AF_Cache: Efficient Pipeline for Running AlphaFold for High-Throughput Protein-Protein Interaction Prediction
Pith reviewed 2026-06-28 03:19 UTC · model grok-4.3
The pith
AF_Cache pipeline reduces AlphaFold2 runtime for protein pairs by half and MSA generation by up to 13 times via caching and bucketing.
A machine-rendered reading of the paper's core claim, the machinery that carries it, and where it could break.
Core claim
AF_Cache is a high-throughput pipeline that integrates GPU-accelerated MSA generation with MMseqs2, feature caching to eliminate redundant alignment computations, and sequence length bucketing to minimise repeated JAX compilations, yielding a ~2-fold reduction in AlphaFold2 inference time and up to a 13-fold speedup of MSA generation on 5,050 human mitochondrial protein pairs.
What carries the argument
Feature caching combined with sequence length bucketing inside a Nextflow workflow that calls MMseqs2 for MSA.
If this is right
- Large-scale screening of thousands of protein pairs becomes practical on modest hardware.

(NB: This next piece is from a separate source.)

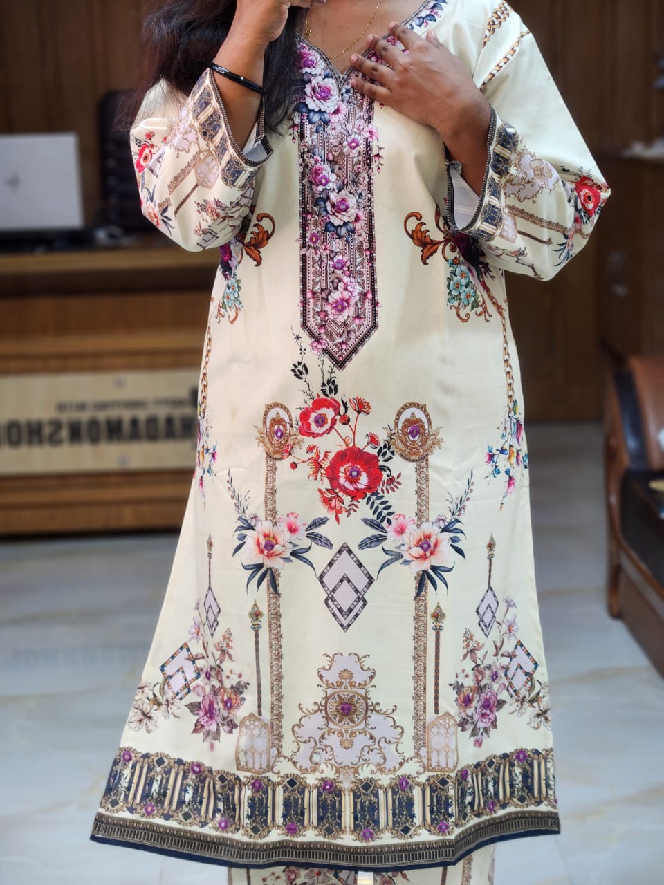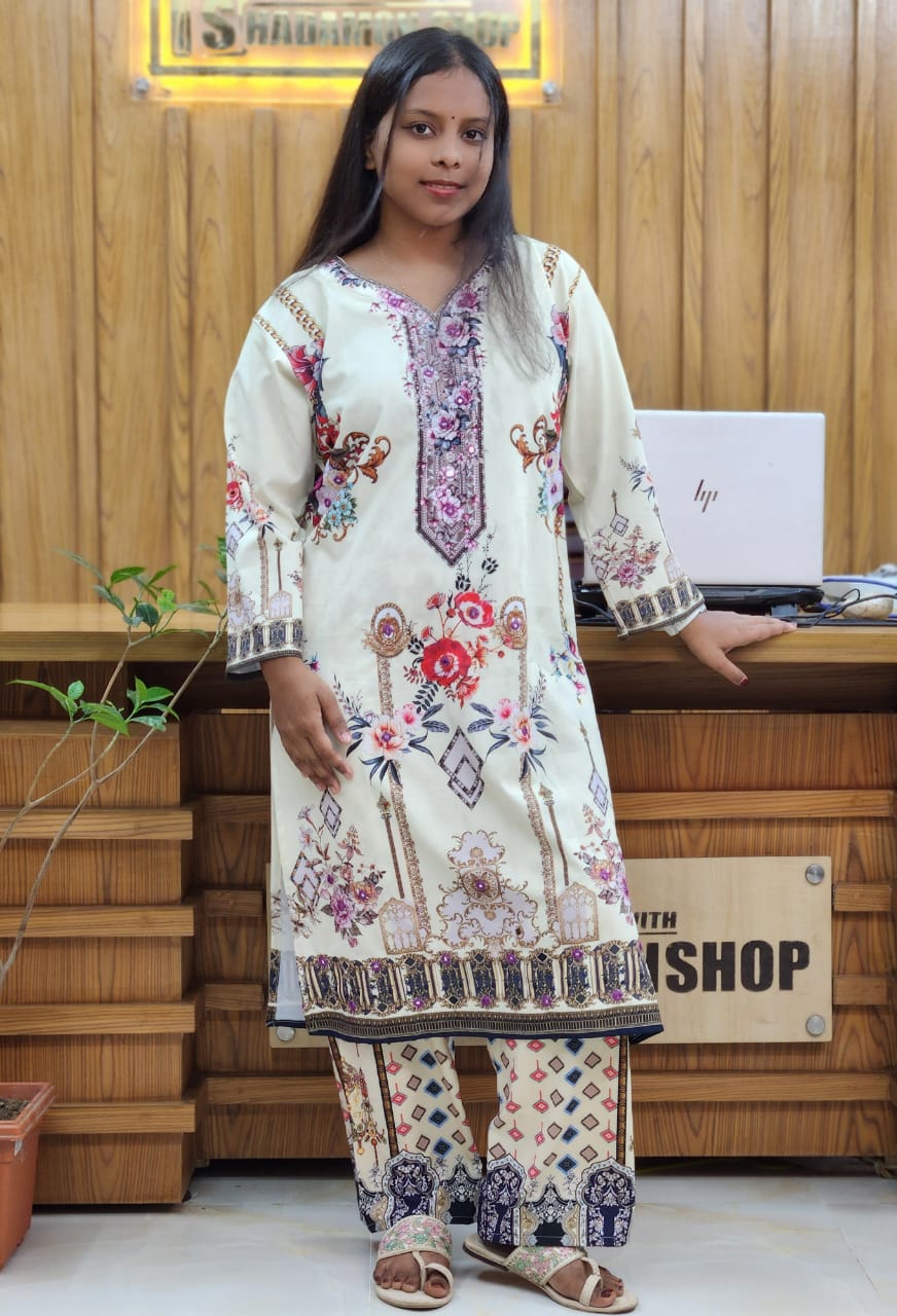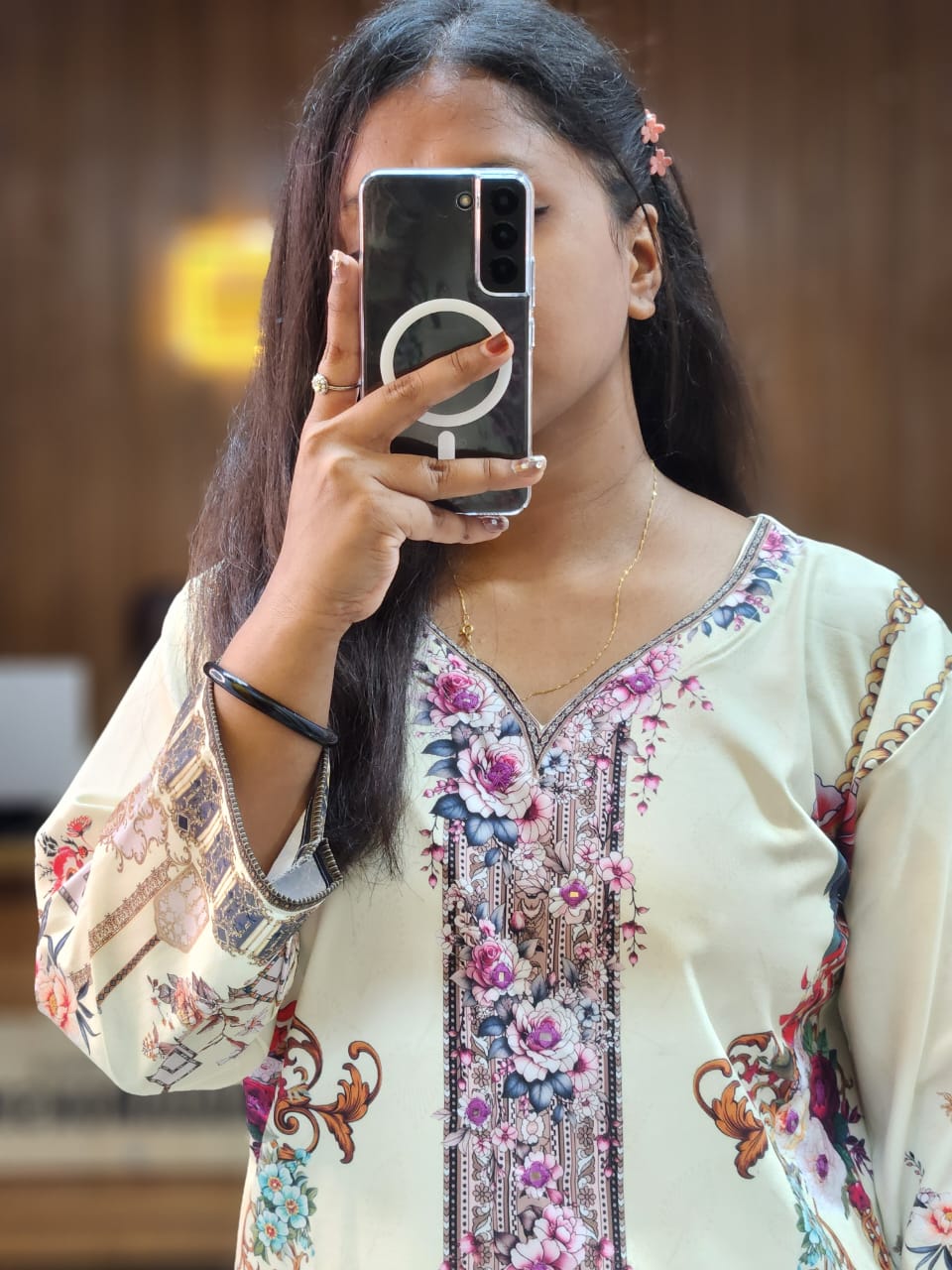 👑 Cream base stitched co-ords with royal embroidery-inspired mirror detailing

- The same caching and bucketing steps apply to both AlphaFold2 and AlphaFold3 workflows.
- Researchers gain a reusable Nextflow template for deploying structure-based PPI prediction at scale.
- Redundant MSA generation across overlapping pairs is avoided without altering the final models.
Where Pith is reading between the lines
- The same caching pattern could reduce cost in other alignment-heavy bioinformatics pipelines.
- If accuracy holds, the approach would support proteome-wide interaction maps that are currently too expensive.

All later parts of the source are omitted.